Segment Start: Data section

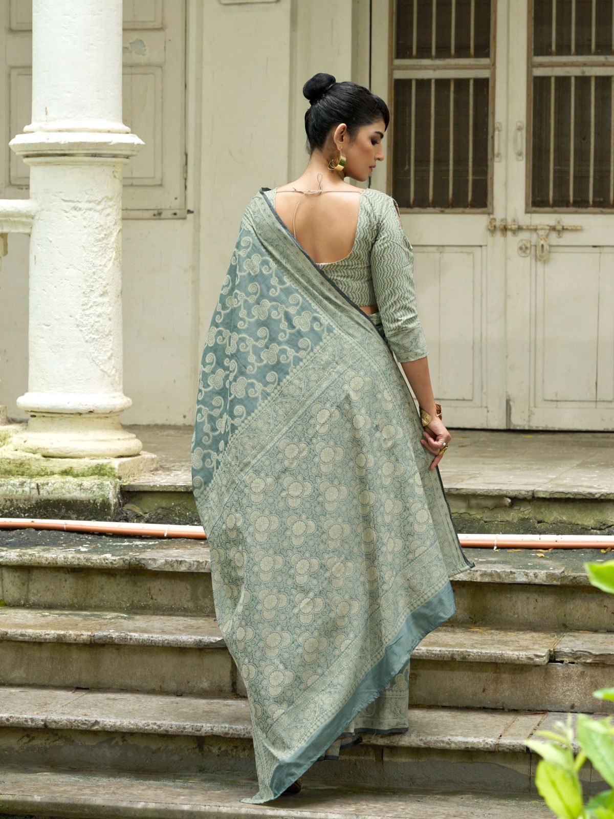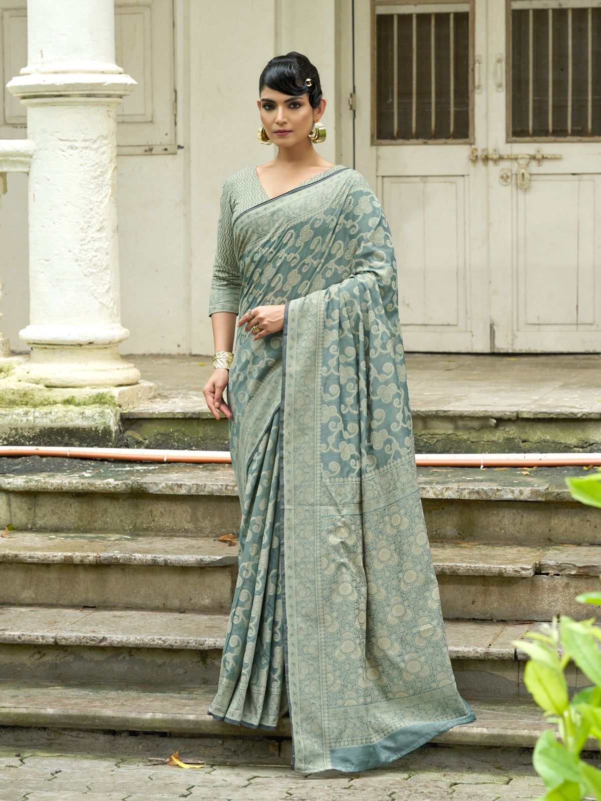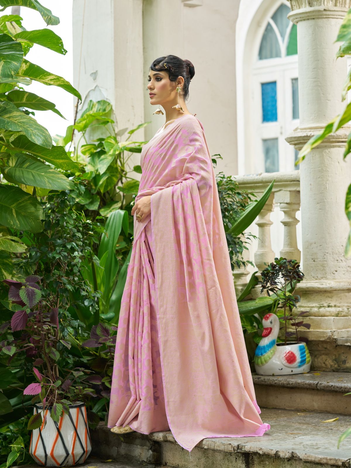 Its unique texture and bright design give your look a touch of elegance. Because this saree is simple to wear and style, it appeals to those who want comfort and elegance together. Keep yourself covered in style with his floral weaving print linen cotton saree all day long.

Segment End: Data section
Segment Start: Data section

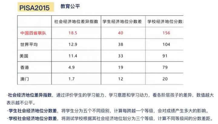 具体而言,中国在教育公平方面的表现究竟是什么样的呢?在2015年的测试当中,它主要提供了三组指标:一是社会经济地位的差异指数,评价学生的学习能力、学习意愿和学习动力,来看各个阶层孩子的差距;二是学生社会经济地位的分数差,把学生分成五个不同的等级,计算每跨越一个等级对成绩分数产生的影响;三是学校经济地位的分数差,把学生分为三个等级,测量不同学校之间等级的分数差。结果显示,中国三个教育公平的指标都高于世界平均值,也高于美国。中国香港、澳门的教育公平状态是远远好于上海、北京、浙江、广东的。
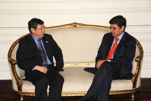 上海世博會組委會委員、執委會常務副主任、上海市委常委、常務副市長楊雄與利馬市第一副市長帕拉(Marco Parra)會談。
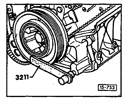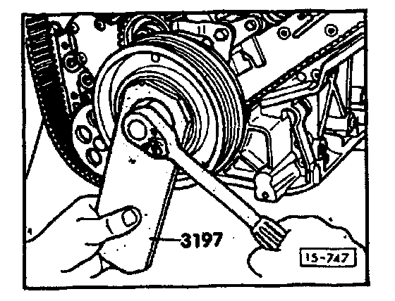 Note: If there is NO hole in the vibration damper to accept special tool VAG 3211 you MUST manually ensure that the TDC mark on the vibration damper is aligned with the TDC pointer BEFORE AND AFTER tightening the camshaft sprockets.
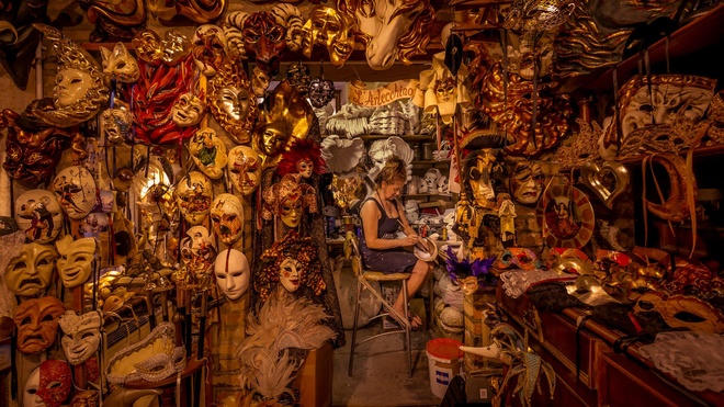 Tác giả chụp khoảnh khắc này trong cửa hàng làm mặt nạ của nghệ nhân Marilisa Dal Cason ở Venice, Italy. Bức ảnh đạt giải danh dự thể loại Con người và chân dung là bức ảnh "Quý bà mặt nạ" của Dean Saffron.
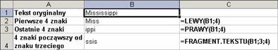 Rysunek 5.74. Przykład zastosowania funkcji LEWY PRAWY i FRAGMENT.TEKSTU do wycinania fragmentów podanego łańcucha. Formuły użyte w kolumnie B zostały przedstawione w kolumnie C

Segment End: Data section

What is needed
After locating "具体而言,中国在教育公平方面" and "Note: If there" in the records above, return exactly the line holding each one and every line between them; leave out the pictures.

Task output
 具体而言,中国在教育公平方面的表现究竟是什么样的呢?在2015年的测试当中,它主要提供了三组指标:一是社会经济地位的差异指数,评价学生的学习能力、学习意愿和学习动力,来看各个阶层孩子的差距;二是学生社会经济地位的分数差,把学生分成五个不同的等级,计算每跨越一个等级对成绩分数产生的影响;三是学校经济地位的分数差,把学生分为三个等级,测量不同学校之间等级的分数差。结果显示,中国三个教育公平的指标都高于世界平均值,也高于美国。中国香港、澳门的教育公平状态是远远好于上海、北京、浙江、广东的。
 上海世博會組委會委員、執委會常務副主任、上海市委常委、常務副市長楊雄與利馬市第一副市長帕拉(Marco Parra)會談。
 Note: If there is NO hole in the vibration damper to accept special tool VAG 3211 you MUST manually ensure that the TDC mark on the vibration damper is aligned with the TDC pointer BEFORE AND AFTER tightening the camshaft sprockets.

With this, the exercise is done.